--- EXCERPTED RECORDS ---
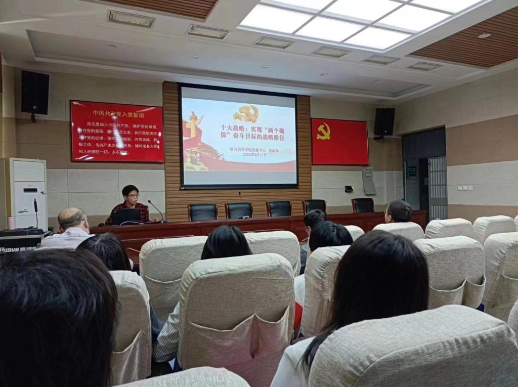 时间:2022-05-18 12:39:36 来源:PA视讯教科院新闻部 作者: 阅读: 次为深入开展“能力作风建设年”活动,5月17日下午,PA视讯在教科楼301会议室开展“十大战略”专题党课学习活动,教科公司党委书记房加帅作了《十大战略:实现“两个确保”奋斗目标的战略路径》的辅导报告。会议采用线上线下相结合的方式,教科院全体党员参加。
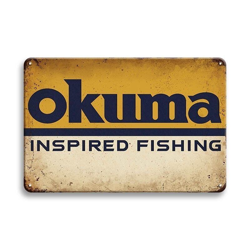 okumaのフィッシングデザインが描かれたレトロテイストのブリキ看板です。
--
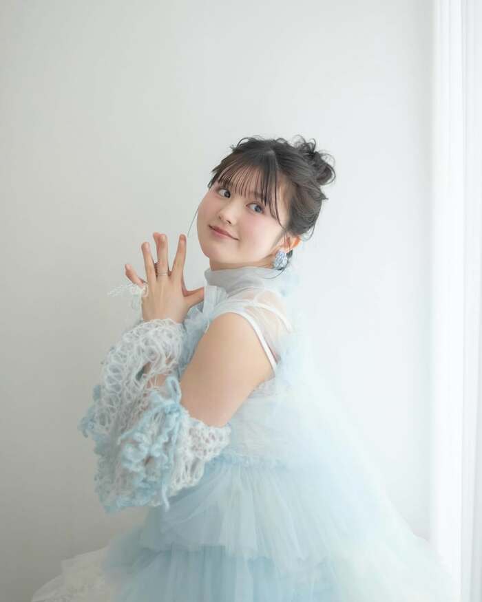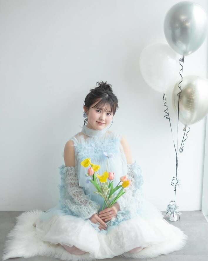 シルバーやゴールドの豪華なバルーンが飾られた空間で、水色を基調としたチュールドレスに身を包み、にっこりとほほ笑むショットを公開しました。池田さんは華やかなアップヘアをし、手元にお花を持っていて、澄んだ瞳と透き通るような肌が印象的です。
==
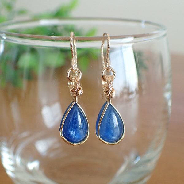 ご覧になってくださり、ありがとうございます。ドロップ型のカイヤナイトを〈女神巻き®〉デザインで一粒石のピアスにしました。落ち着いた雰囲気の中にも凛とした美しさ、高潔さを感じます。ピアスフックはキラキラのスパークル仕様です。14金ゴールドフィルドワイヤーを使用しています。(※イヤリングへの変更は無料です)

--- TASK GOAL ---
Using the material above, transcribe exactly the lines from the one holding "时间:2022-05-18 12:39:36 来源:PA视讯教科院新闻部" to the one holding "okumaのフィッシングデザインが描かれたレトロテイストのブリキ看板です。", both ends kept. Do not carry over any pictures.

--- SOLVED PROBLEM ---
 时间:2022-05-18 12:39:36 来源:PA视讯教科院新闻部 作者: 阅读: 次为深入开展“能力作风建设年”活动,5月17日下午,PA视讯在教科楼301会议室开展“十大战略”专题党课学习活动,教科公司党委书记房加帅作了《十大战略:实现“两个确保”奋斗目标的战略路径》的辅导报告。会议采用线上线下相结合的方式,教科院全体党员参加。
 okumaのフィッシングデザインが描かれたレトロテイストのブリキ看板です。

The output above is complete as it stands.